#### Task requirements
The printed result should hold only the lines from the opening of the data through the line bearing "Tomohon, kota-tomohon.kpu.go.id - Komisi", exactly as given and without pictures.

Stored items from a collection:
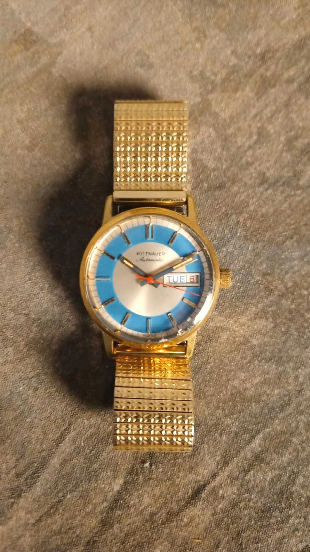 Check out this vintage Wittnauer Swiss Automatic watch, a stylish timepiece with a blue and gold colour scheme and day-date display. This watch has an automatic movement, ensuring you'll never need to wind it! It is in used condition with visible wear and tear. * Brand: Wittnauer * Movement: Automatic * Display: Analogue * Features: Day/Date If the ad's still up, it's still up for grabs!
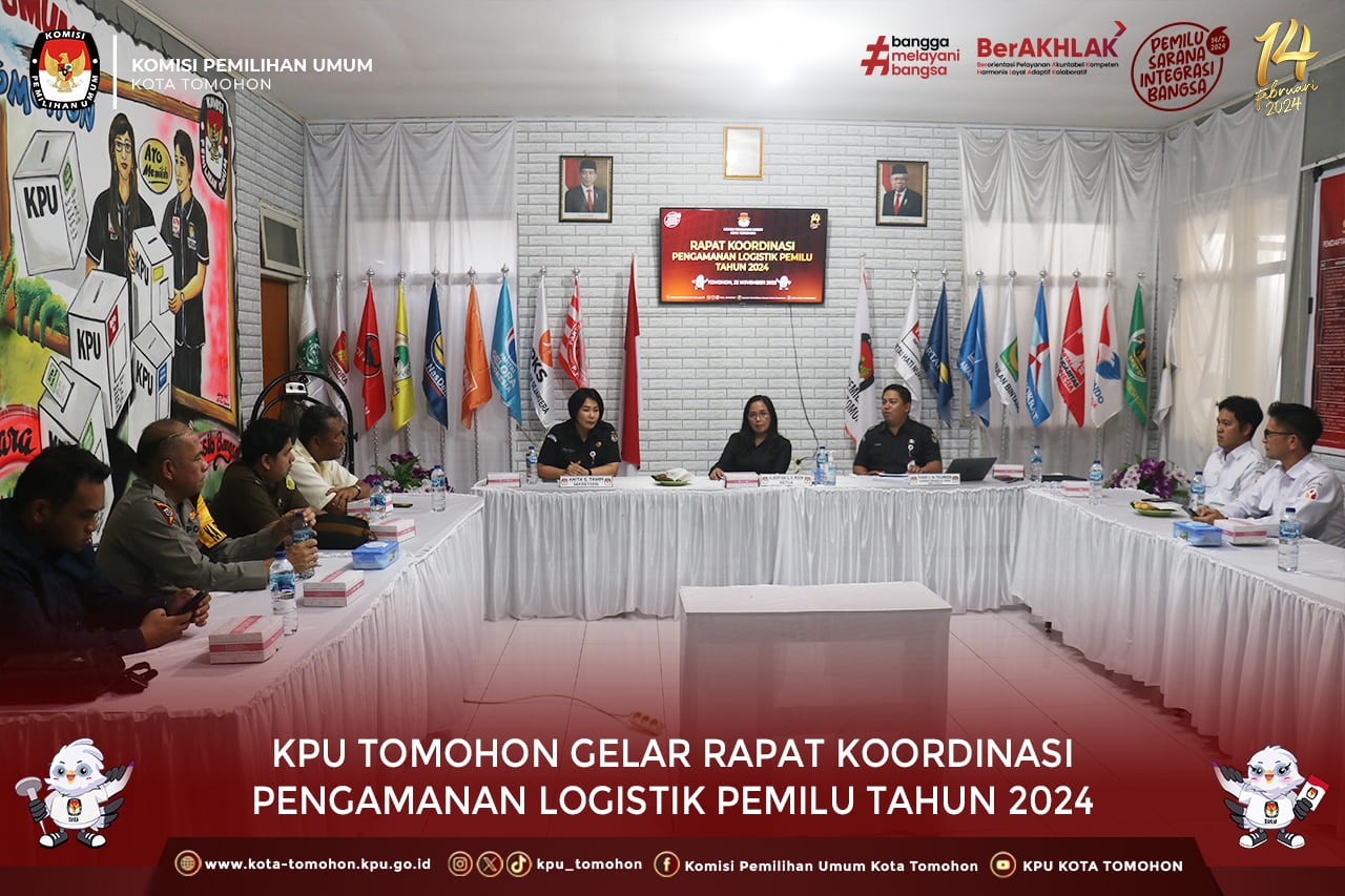 Tomohon, kota-tomohon.kpu.go.id - Komisi Pemilihan Umum (KPU) Kota Tomohn menggelar Rapat Koordinasi (Rakor) Pengamanan Logistik dalam rangka Persiapan Pengamanan Logistik Pemilu Tahun 2024 bertempat di Ruang Rapat Kantor KPU Kota Tomohon, Rabu (22/11).
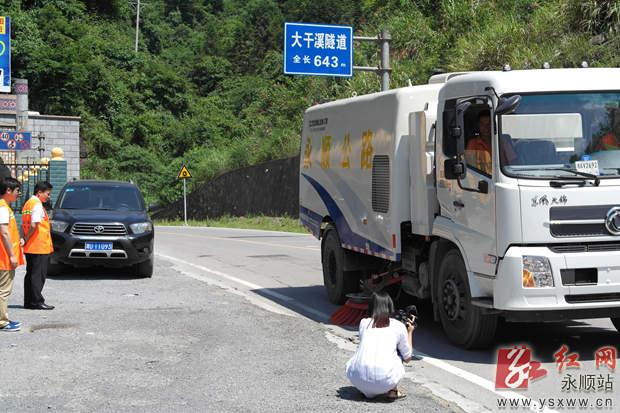 近日,永顺县公路局结合上级强化科技创新的文件精神,采取州公路局补助和自筹资金的方式花费57.8万元购买了一辆道路保洁养护车,用于境内4000多公里公路路面保洁养护作业,开启了机械化养护工作的新征程。图为6月16日,该局新购置的路面清扫车在G209线大干溪隧道路段开展养护作业。通讯员 喻开发 摄
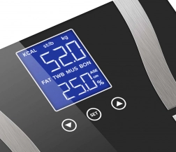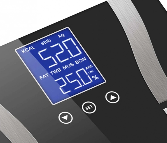 - težina, tjelesna masnoća %, voda %, mišićna masa %, koštana masa %, BMR, pokazatelj stanja (pothranjenost / normalno / prekomjerna težina / pretilost)
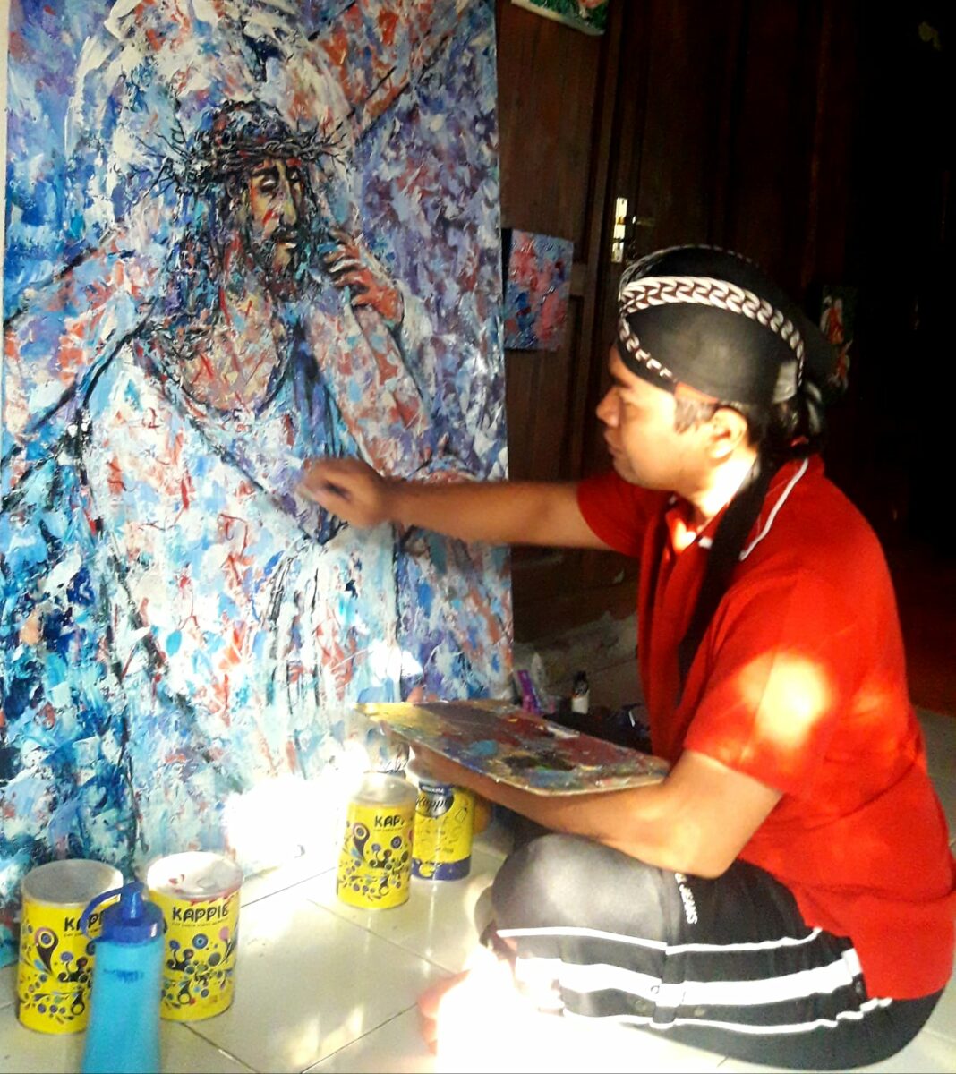 HIDUPKATOLIK.COM – Lukisan “Flat Earth” adalah karya pertama tahun 2023 seniman lukis yang tinggal di Yogyakarta bernama Slamet Jumiarto. Seorang pelukis yang pernah mengalami persekusi, pada 2019 lalu. Ia dan keluarga diusir dari rumah kontrakan di Pleret, Bantul, gara-gara pilihan iman yang berbeda dari sebagian besar warga dusun tempat tinggalnya. Masalah yang viral di media sosial itu tak butuh waktu lama selesai dengan damai.
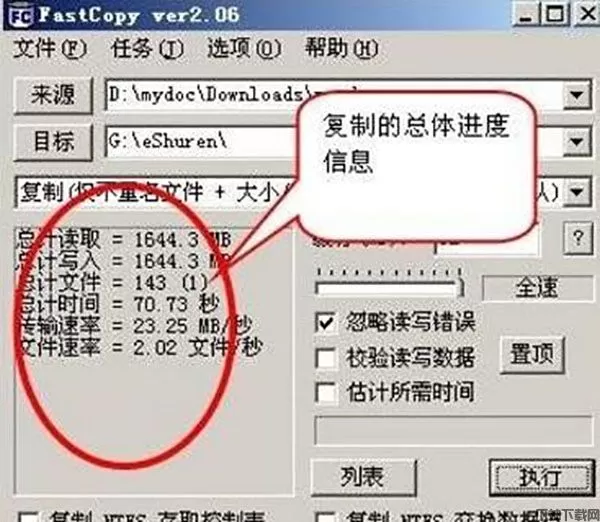 在执行过程中会显示读取、写入、时间、传输效率、文件速率等信息,在下方的文本框中会显示当前拷贝的内容(如图9所示)。拷贝完成后点击“显示列表”按钮可以查看拷贝内容及错误文件、目录信息。

#### Answer for the task
 Check out this vintage Wittnauer Swiss Automatic watch, a stylish timepiece with a blue and gold colour scheme and day-date display. This watch has an automatic movement, ensuring you'll never need to wind it! It is in used condition with visible wear and tear. * Brand: Wittnauer * Movement: Automatic * Display: Analogue * Features: Day/Date If the ad's still up, it's still up for grabs!
 Tomohon, kota-tomohon.kpu.go.id - Komisi Pemilihan Umum (KPU) Kota Tomohn menggelar Rapat Koordinasi (Rakor) Pengamanan Logistik dalam rangka Persiapan Pengamanan Logistik Pemilu Tahun 2024 bertempat di Ruang Rapat Kantor KPU Kota Tomohon, Rabu (22/11).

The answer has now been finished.